Work to be completed –
Each entry below must be written out exactly, with pictures left out.
Entries shown Block Start
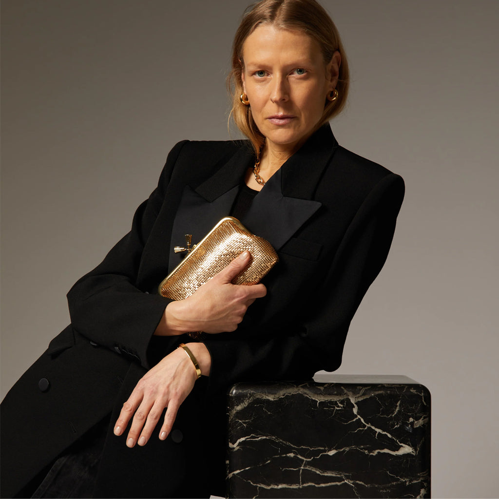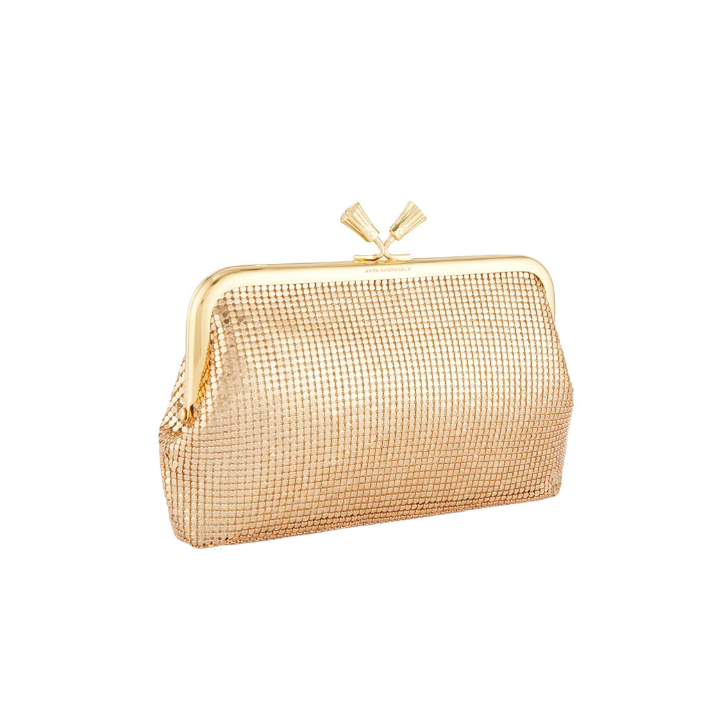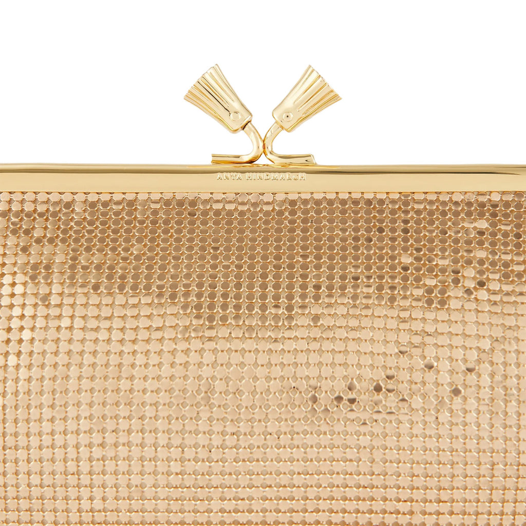 The glamour of gold metal mesh in Anya Hindmarch’s Maud Metal Mesh Clutch offers an elevated finishing touch for weddings, celebrations and nights out. Designed with a structured frame, this piece is detailed with the brand’s signature tassel clasp, a soft suede lining and an optional chain strap.
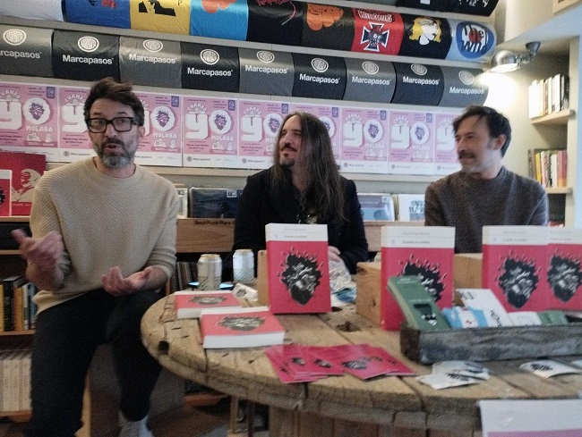 En la presentación, Miguel Ángel estuvo escoltado por los hermanos Marce ‘Becerring’ (Ruta 66 y autor de una biografía de Alex Chilton) y Antonio Jesús Moreno ‘El ciento’, conocido ilustrador también responsable de la portada.
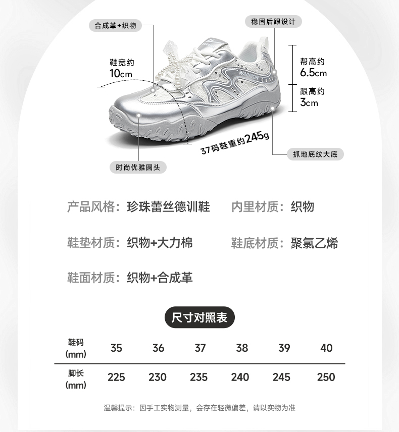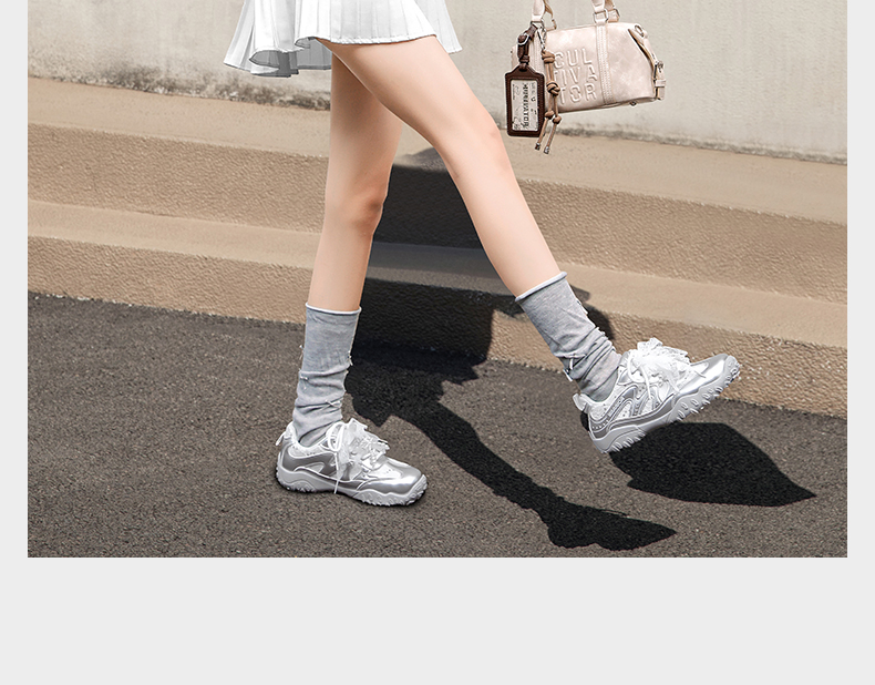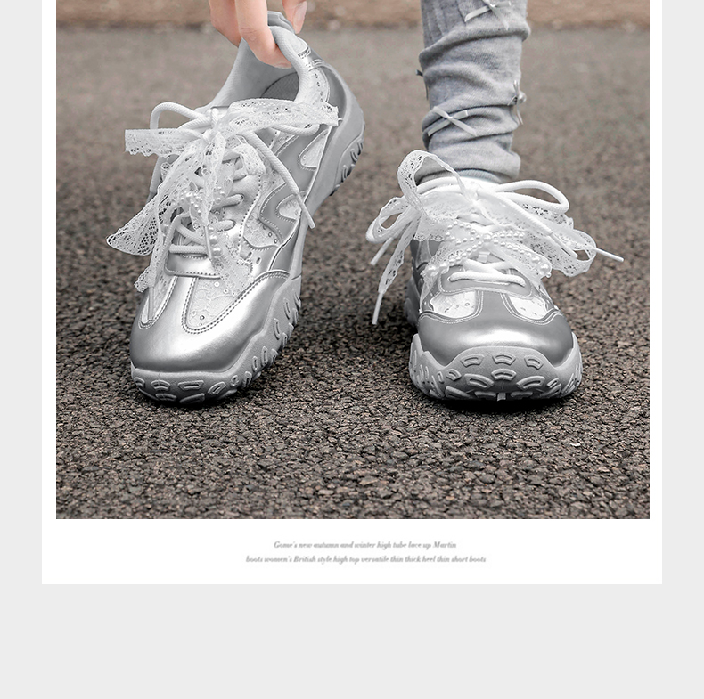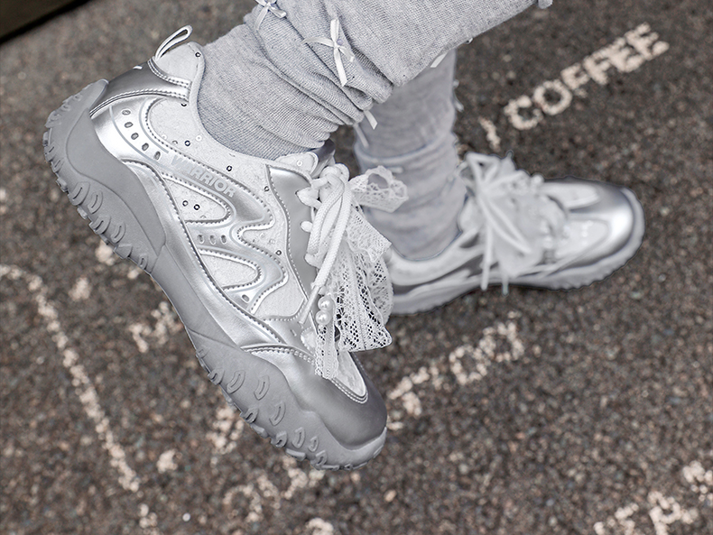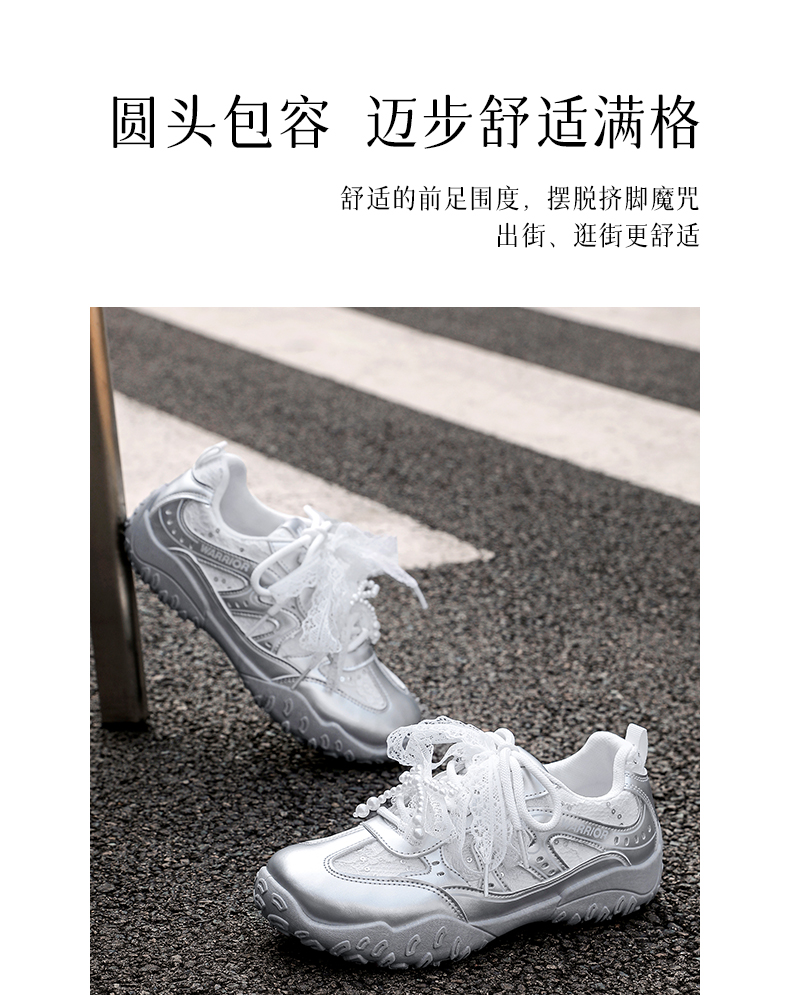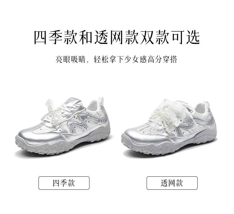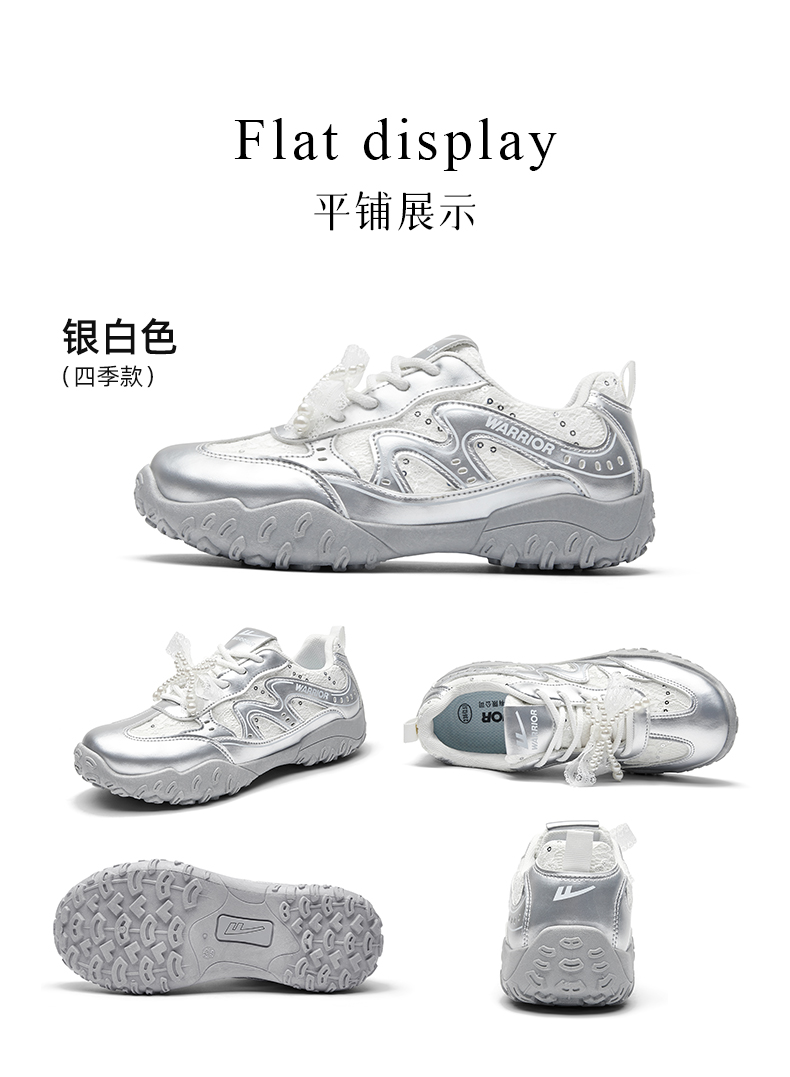 回力女鞋秋季芭蕾德训鞋银色鞋子女款月牙薄底珍珠蕾丝休闲运动鞋
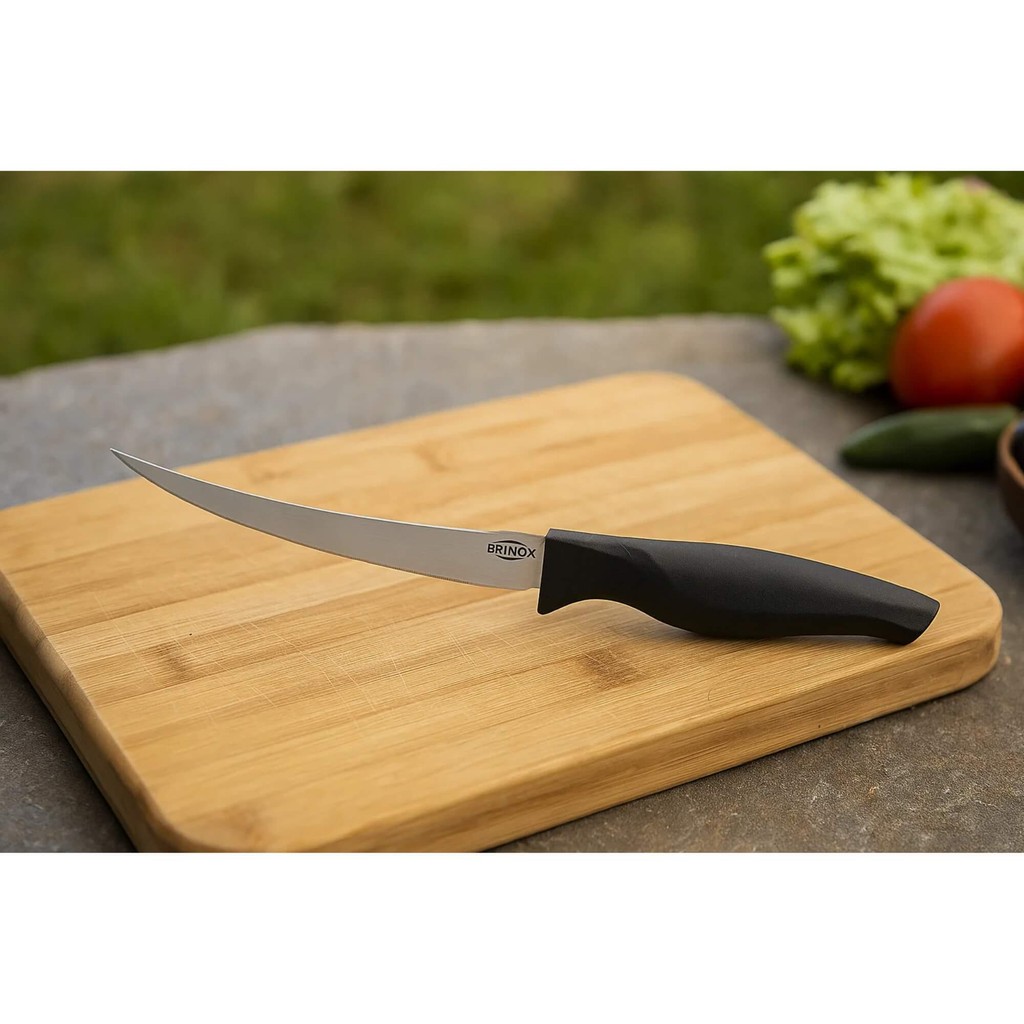 Leveza e praticidade com a Faca para Tomate 5 polegadas (23,2 cm) em aço inoxidável polido, temperado com tratamento térmico e cabo preto Cross Brinox ideal para cortar tomates delicados, sem amassar. É um produto de grande utilidade que completa a sua linha de facas prontas para o uso no seu dia a dia. A faca para tomate possui lâmina em aço inox com fio de corte com maior durabilidade e precisão, que garante o manuseio desse alimento tão delicado, sem o risco de amassá-lo. Pode ser utilizada para cortar e fatiar queijos moles e semiduros. A Faca para Tomate 5 polegadas proporciona uma excelente afiação por um longo período de tempo. Assim como as demais facas da linha Cross, a Faca para Tomate é durável e eficiente durante o uso. Os cabos ergonômicos em polipropileno, na cor preta possuem textura antiderrapante, são ideais para uso diário no preparo dos cortes do tomate, demais legumes delicados, frutas e até mesmo queijos, facilitando a limpeza da faca. É muito leve e segura para cortar, picar e fatiar com precisão. Informações do produto: - ATRIBUTOS TÉCNICOS: Todas as facas entregam durabilidade e eficiência durante o uso, a partir de suas lâminas em aço inoxidável temperadas. Os cabos ergonômicos em polipropileno, na cor preto com textura antiderrapante, são excelentes para uso diário no preparo de alimento, proporcionando maior segurança, equilíbrio e conforto na hora do corte e limpeza da faca. - SITUAÇÕES DE USO: A faca para tomate possui lâmina em aço inox com fio de corte com maior durabilidade e precisão, que garante o manuseio desse alimento tão delicado, sem o risco de amassá-lo. Pode ser utilizada para cortar e fatiar queijos moles e semiduros. - LIMPEZA E CONSERVAÇÃO: Para manter seus produtos de aço inox sempre brilhando, lave-os com esponja macia e sabão ou detergente neutro. Produtos abrasivos como palha de aço e outros, poderão riscar ou prejudicar o brilho. Características: - Marca:Brinox - Modelo:2556/314 *Imagens Meramente Ilustrativas* Conteúdo da Embalagem: - 01 Faca Para Tomate 5” Cross - Preta
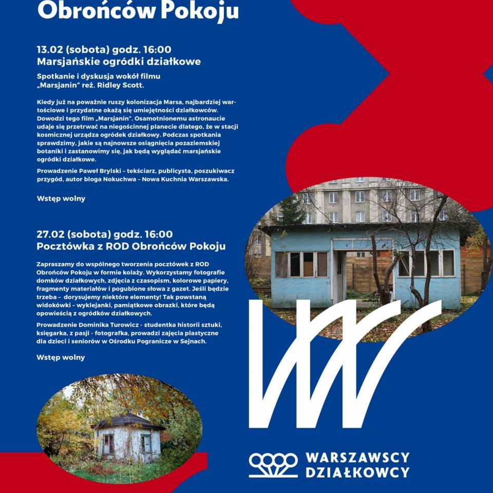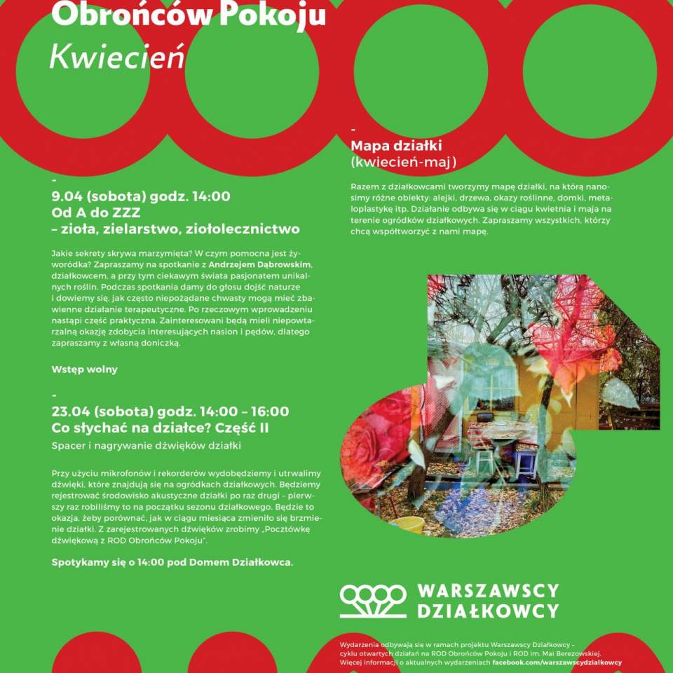 Kiedyś pojawił się pomysł, żeby fajnie spędzić czas w mieście. Odkryć nieznany ląd i trochę się tam zgubić, a przy okazji dowiedzieć się czegoś nowego o świecie. Tak powstali "Warszawscy Działkowcy" inicjatywa, która zaczęła się w Rodzinnym Ogrodzie Działkowym im. Obrońców Pokoju na Mokotowie jesienią 2015 roku. W ciągu kilku miesięcy bycia w ogrodzie - nagrywania dźwięków, dokumentowania architektury działkowej i poznawania lokalnych historii i plotek, udało nam się wspólnie z działkowcami i Zarządem ogrodu zaprosić tam mieszkańców. Czasem było śmiesznie, czasem strasznie. Niejednokrotnie omyłkowo zamykano nas nocą w ogrodzie. Do sierpnia 2016 roku zbieraliśmy materiał na przewodnik po ogrodzie i realizowaliśmy otwarte spotkania w Domu Działkowca i spacery po ogrodzie. Jako 12-osobowy zespół znajomych, przypadkowych nieznajomych i działkowców z Obrońców Pokoju, zorganizowaliśmy łącznie dziewięć wydarzeń w Domu Działkowca i w ogrodzie. Prowadziliśmy wywiady, rejestrowaliśmy dźwięki działki, tworzyliśmy mapę, wymienialiśmy się sadzonkami i nasionami, robiliśmy kolaże inspirowane ROD „Obrońców Pokoju”, prowadziliśmy pogadanki.
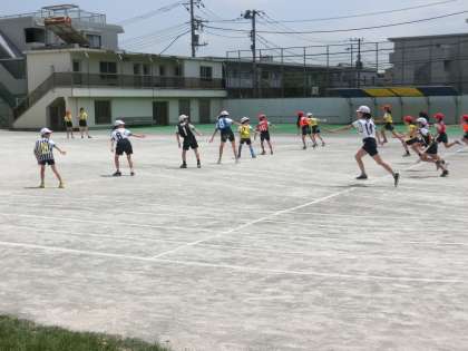 高学年リレー選手は、バトンパスやスタートを繰り返し、繰り返し、
Entries shown Block End
Answer below –
 The glamour of gold metal mesh in Anya Hindmarch’s Maud Metal Mesh Clutch offers an elevated finishing touch for weddings, celebrations and nights out. Designed with a structured frame, this piece is detailed with the brand’s signature tassel clasp, a soft suede lining and an optional chain strap.
 En la presentación, Miguel Ángel estuvo escoltado por los hermanos Marce ‘Becerring’ (Ruta 66 y autor de una biografía de Alex Chilton) y Antonio Jesús Moreno ‘El ciento’, conocido ilustrador también responsable de la portada.
 回力女鞋秋季芭蕾德训鞋银色鞋子女款月牙薄底珍珠蕾丝休闲运动鞋
 Leveza e praticidade com a Faca para Tomate 5 polegadas (23,2 cm) em aço inoxidável polido, temperado com tratamento térmico e cabo preto Cross Brinox ideal para cortar tomates delicados, sem amassar. É um produto de grande utilidade que completa a sua linha de facas prontas para o uso no seu dia a dia. A faca para tomate possui lâmina em aço inox com fio de corte com maior durabilidade e precisão, que garante o manuseio desse alimento tão delicado, sem o risco de amassá-lo. Pode ser utilizada para cortar e fatiar queijos moles e semiduros. A Faca para Tomate 5 polegadas proporciona uma excelente afiação por um longo período de tempo. Assim como as demais facas da linha Cross, a Faca para Tomate é durável e eficiente durante o uso. Os cabos ergonômicos em polipropileno, na cor preta possuem textura antiderrapante, são ideais para uso diário no preparo dos cortes do tomate, demais legumes delicados, frutas e até mesmo queijos, facilitando a limpeza da faca. É muito leve e segura para cortar, picar e fatiar com precisão. Informações do produto: - ATRIBUTOS TÉCNICOS: Todas as facas entregam durabilidade e eficiência durante o uso, a partir de suas lâminas em aço inoxidável temperadas. Os cabos ergonômicos em polipropileno, na cor preto com textura antiderrapante, são excelentes para uso diário no preparo de alimento, proporcionando maior segurança, equilíbrio e conforto na hora do corte e limpeza da faca. - SITUAÇÕES DE USO: A faca para tomate possui lâmina em aço inox com fio de corte com maior durabilidade e precisão, que garante o manuseio desse alimento tão delicado, sem o risco de amassá-lo. Pode ser utilizada para cortar e fatiar queijos moles e semiduros. - LIMPEZA E CONSERVAÇÃO: Para manter seus produtos de aço inox sempre brilhando, lave-os com esponja macia e sabão ou detergente neutro. Produtos abrasivos como palha de aço e outros, poderão riscar ou prejudicar o brilho. Características: - Marca:Brinox - Modelo:2556/314 *Imagens Meramente Ilustrativas* Conteúdo da Embalagem: - 01 Faca Para Tomate 5” Cross - Preta
 Kiedyś pojawił się pomysł, żeby fajnie spędzić czas w mieście. Odkryć nieznany ląd i trochę się tam zgubić, a przy okazji dowiedzieć się czegoś nowego o świecie. Tak powstali "Warszawscy Działkowcy" inicjatywa, która zaczęła się w Rodzinnym Ogrodzie Działkowym im. Obrońców Pokoju na Mokotowie jesienią 2015 roku. W ciągu kilku miesięcy bycia w ogrodzie - nagrywania dźwięków, dokumentowania architektury działkowej i poznawania lokalnych historii i plotek, udało nam się wspólnie z działkowcami i Zarządem ogrodu zaprosić tam mieszkańców. Czasem było śmiesznie, czasem strasznie. Niejednokrotnie omyłkowo zamykano nas nocą w ogrodzie. Do sierpnia 2016 roku zbieraliśmy materiał na przewodnik po ogrodzie i realizowaliśmy otwarte spotkania w Domu Działkowca i spacery po ogrodzie. Jako 12-osobowy zespół znajomych, przypadkowych nieznajomych i działkowców z Obrońców Pokoju, zorganizowaliśmy łącznie dziewięć wydarzeń w Domu Działkowca i w ogrodzie. Prowadziliśmy wywiady, rejestrowaliśmy dźwięki działki, tworzyliśmy mapę, wymienialiśmy się sadzonkami i nasionami, robiliśmy kolaże inspirowane ROD „Obrońców Pokoju”, prowadziliśmy pogadanki.
 高学年リレー選手は、バトンパスやスタートを繰り返し、繰り返し、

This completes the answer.